Carriers of the E2 allele have significantly lower levels of total cholesterol, low-density lipoprotein cholesterol, and non-high-density lipoprotein cholesterol, as well as increased levels of ApoE. The gene encoding this protein is located on human chromosome 19q13.32. Recombinant human ApoE2 is a 34.3 kDa protein containing 300 amino acid residues.
Biochemical / Physiological Actions
In addition to facilitating lipid solubilization, apolipoproteins help maintain the structural integrity of lipoproteins, serve as ligands for lipoprotein receptors, and regulate the activity of enzymes involved in lipid metabolism. Apolipoprotein E (ApoE) plays an important role in lipid metabolism. Its interaction with the specific ApoE receptor allows the uptake of chylomicron residues by liver cells, which is an essential step during normal lipid metabolism. It also binds to the LDL receptor (Apo B / E). ApoE defects are a cause of type III hyperlipoproteinemia.
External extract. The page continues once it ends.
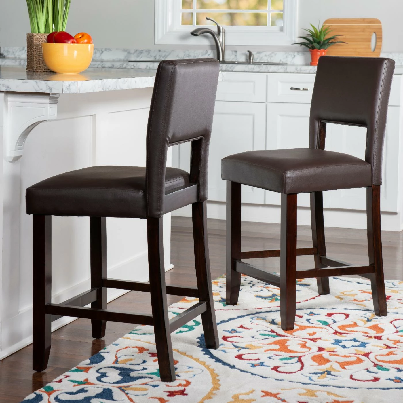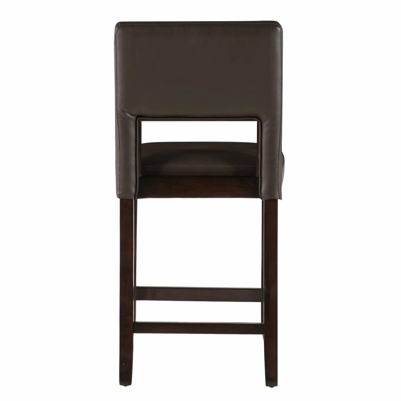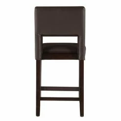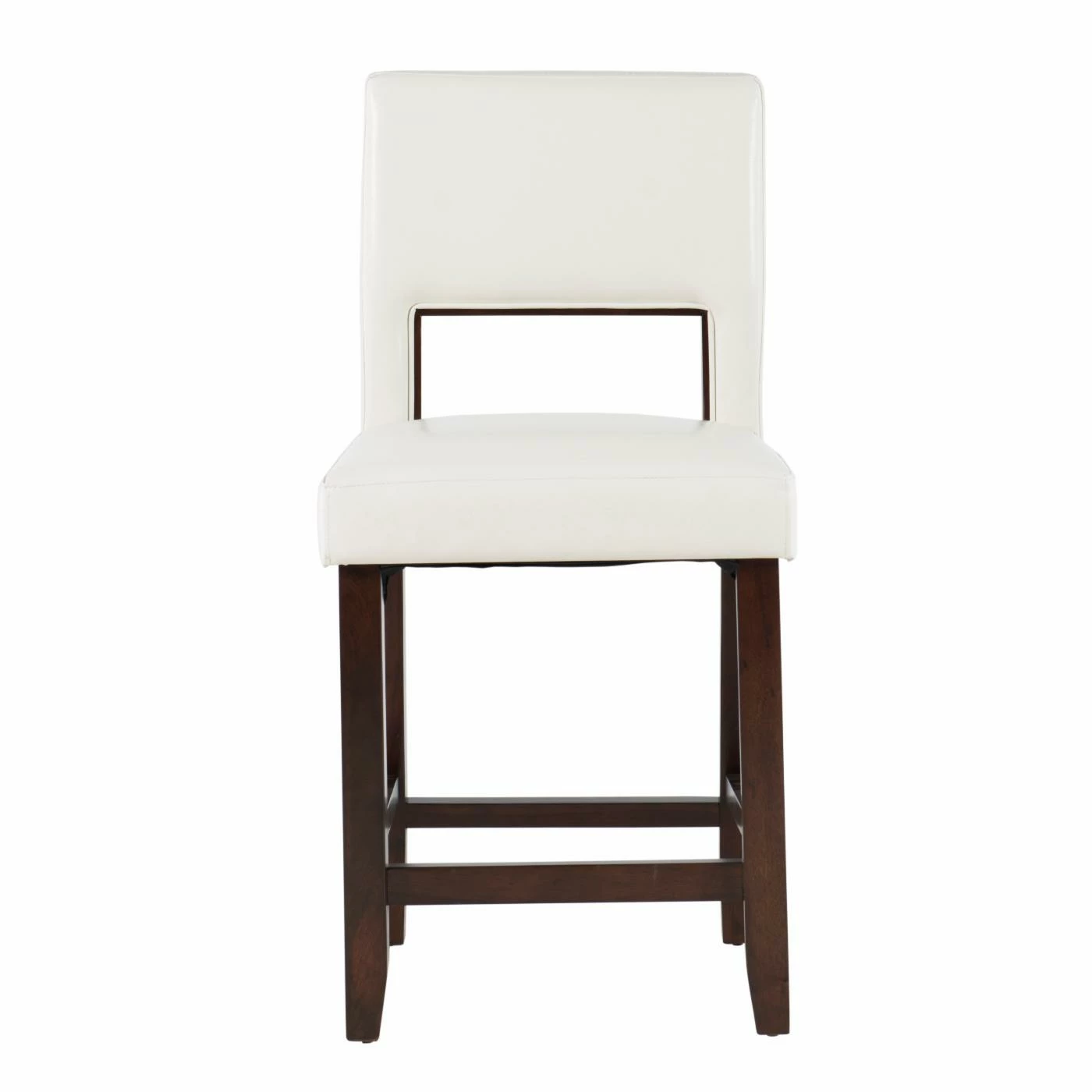 The Linon 24-Inch Vega Counter Stool features a rich, dark espresso finish. A natural fit for any setting, this stool also has a PVC vinyl-covered cushioned seat and backrest in your choice of dark brown or white colors. The legs are slightly tapered to create a more elegant profile, while the four foot rails provide enhanced stability and comfort. This stool is durable enough for busy kitchens, yet refined enough for more formal settings.

Physical form: Sterile filtered and lyophilized without additives.
Preparation note: Centrifuge the vial before opening. Avoid freeze-thaw cycles.
Reconstitution: Reconstitute in dH2O at a concentration of 0.1-1.0 mg / ml. The solution can then be diluted in other aqueous buffers and stored at 4 ° C for 1 week or –20 ° C for future use.